Two turtles and three ducks on the water all turned their heads as we approached and we knew this was a directional sign. We followed their pointer. A small bag with a key in it was soon found and we were jumping with excitement.

And then young Axel (or was it his older brother Oscar?) found it. The pirate was so happy because it meant he could perform the old magic he'd learned from shamans from all over the world.

He turned a blank book into a book of colourful drawings by just rubbing over the cover,

stuck four separate pieces of coloured cloth into his closed hand and when he pulled them out they were all stitched together.

The children were dazzled. How did he do it?

He was so grateful we helped him to find his lost things, and we were so grateful for the adventure he took us on. He took a bow and thanked us for our generosity as we bestowed gifts upon him.

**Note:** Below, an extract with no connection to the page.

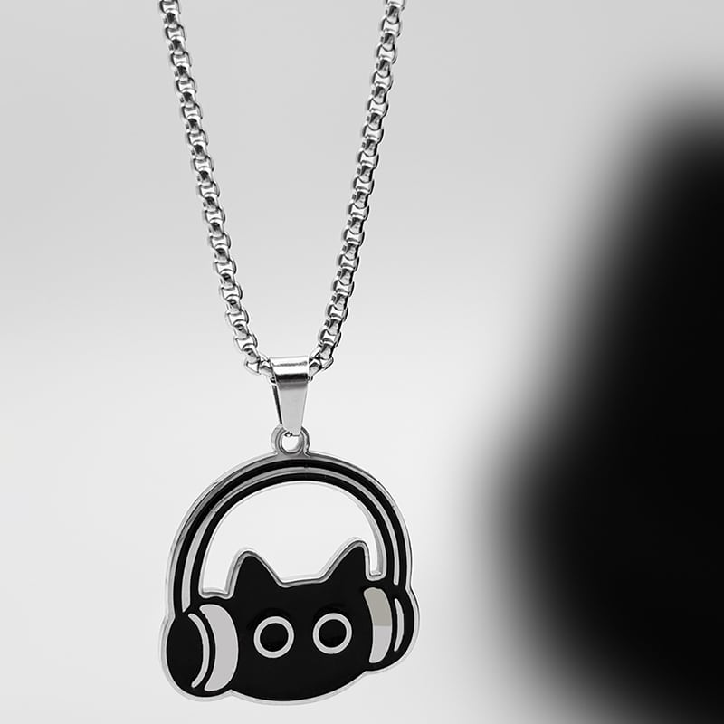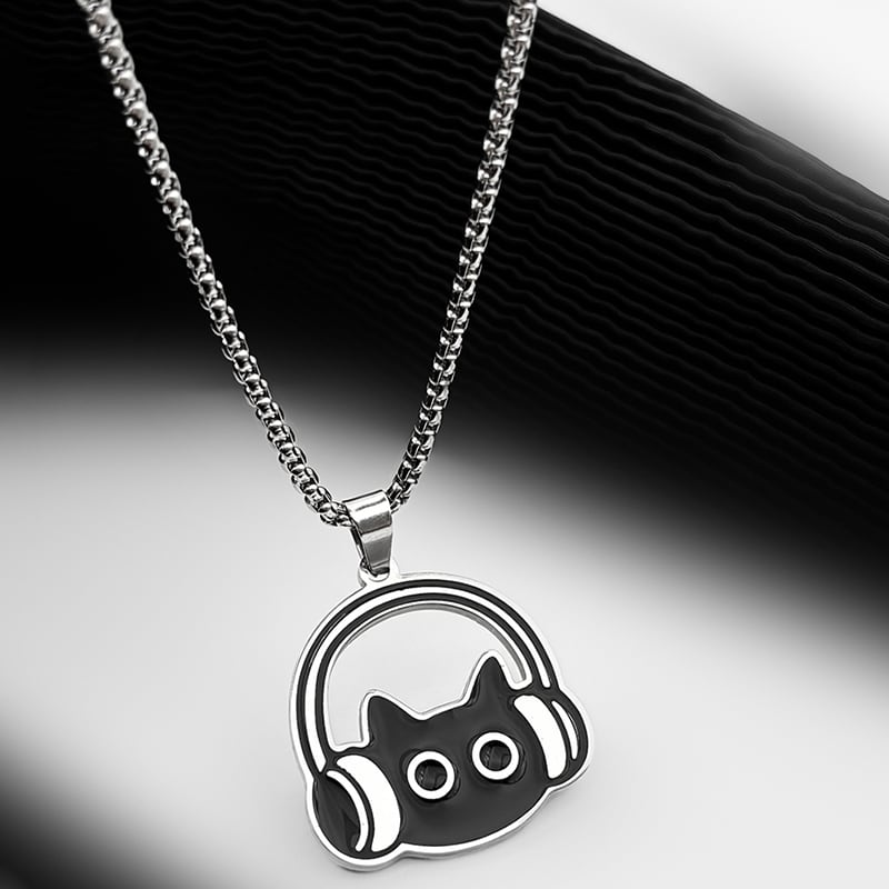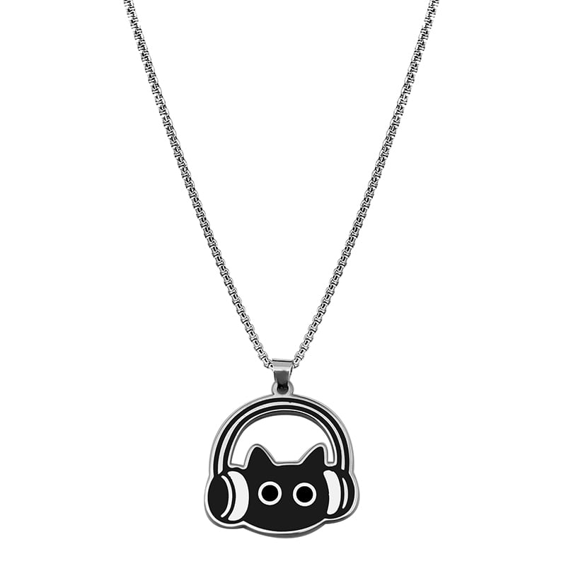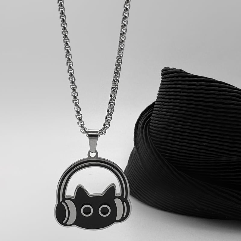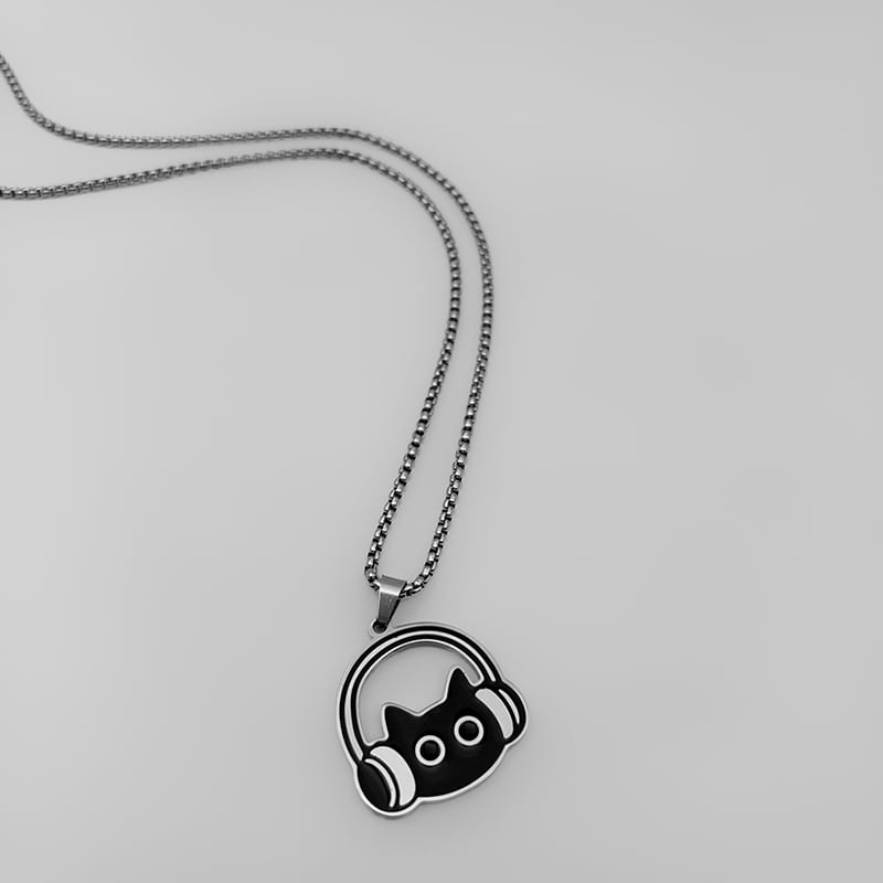 ♥イヤホンをつけた黒猫ネックレス!【WHYBLUEシリーズ】★ネックレス★ 首輪 アクセサリー 小物 デザイン性有り 猫 猫柄 ネコ ねこ 男女兼用 メンズ レディース

We then feasted on nourishing fruits and fibres of the earth. We have honoured the earth back in many ways this year, one example of this is having our snack food nude, and not in disposable plastic.

We then hung out on the jetty, playing games, not quite believing the adventure we'd just had.

Luckily Meg and Patrick took some photos to show friends and family, because otherwise they would not believe the time we'd just experienced.